Глава 27
3 сентября 1893 года
Сначала Виктория с герцогом пили чай всего лишь раз в неделю. Потом они стали пить чай два раза в неделю, и так продолжалось некоторое время. А потом у них как-то сам собой завязался оживленный разговор у ограды палисадника – герцог как раз прогуливался мимо ее коттеджа. Он пригласил ее пройтись вместе с ним, она согласилась, и с rex пор они гуляли вместе каждый день.
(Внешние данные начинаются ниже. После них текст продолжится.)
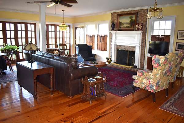 This charming and spacious home sits on 3.6 acres along Bayou Boeuf, surrounded by mature oak trees and blooming azalea bushes that create a peaceful, picturesque setting. Offering 3,875 square feet, the home features 4 bedrooms, 2 1/2 baths and a bonus room ideal for a home office, playroom or extra storage.Classic details include original wood floors, stained-glass windows and two fireplaces that add warmth and timeless character. The layout includes a formal living room, formal dining and a large den with a fireplace, providing ample space for both entertaining and everyday living. The kitchen is equipped with stainless steel appliances and also has lovely granite countertops. There is a large laundry room with a lot of extra storage area.This one-of-a-kind home offers space, character and a taste of peaceful country living, for those seeking both elegance and privacy.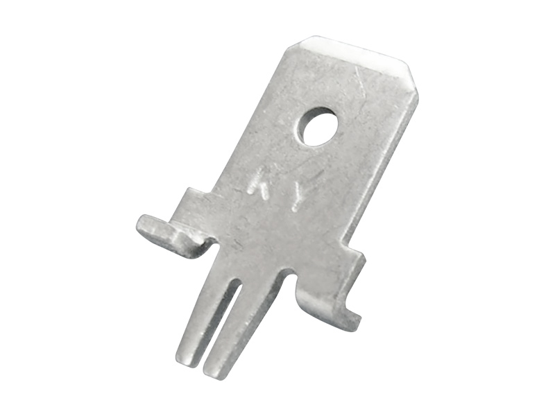 Straight Through Hole Solder Spade Terminal. Solder slot 3.0×1.0mm. Tin Plated Brass. Current Rating 35 Amps. Tab size 6.35×0.8mm (.250″). The Sturdi Mount Design keeps the terminal upright on the PCB and adds additional strenght during terminal mating

«Быть дамой в летах не так уж плохо», – с улыбкой говорила себе Виктория. В молодости ей очень хотелось, чтобы все видели в ней само совершенство. Она изрекала только подходящие случаю банальности и никогда не отваживалась высказывать собственное мнение по какому-либо поводу.
Просто удивительно, какие перемены могут произойти в женщине за тридцать с небольшим лет. Вот, к примеру, не далее как вчера, когда они с герцогом прогуливались по ее саду, она заявила, что его светлость слеп, раз не видит, что Патрокла с Ахиллесом связывала не только дружба. Ну какой мужчина станет так убиваться по умершему другу, что запретит предать его тело погребальному костру?
Лангфорд, со своей стороны, стоял на своем, отстаивая тезис о дружбе. Романтическая любовь, как ее понимают в наше время, западная, появилась только в средние века. Разве можно с уверенностью утверждать, что мужская дружба в эпоху, когда человек еще не рассматривал дом и семью как оплот собственного существования, не могла быть глубже и сердечнее?
Сегодня, совершая короткую прогулку по парку герцога, они успели поспорить на великое множество тем – начиная от сильных и слабых сторон метрической системы и кончая сильными и слабыми сторонами творчества Бернарда Шоу. Лангфорд без зазрения совести назвал некоторые ее суждения бредовыми и нелепыми. Виктория, к собственному удивлению, не осталась в долгу и заклеймила его взгляды как совершенно идиотские.
– Я за всю жизнь не слышал столько противоречивых мнений, – сказал герцог по дороге к дому.
– Но в каких тепличных условиях вы жили, сэр! – с усмешкой воскликнула Виктория.
Герцог посмотрел на нее с искренним удивлением:
– В тепличных условиях? Что ж, пожалуй, в ваших словах есть доля правды. Но разве благовоспитанной леди, каковой я вас считаю, не следовало бы по крайней мере попытаться поддакнуть мне?
– Только если бы я задумала пленить вас своими чарами.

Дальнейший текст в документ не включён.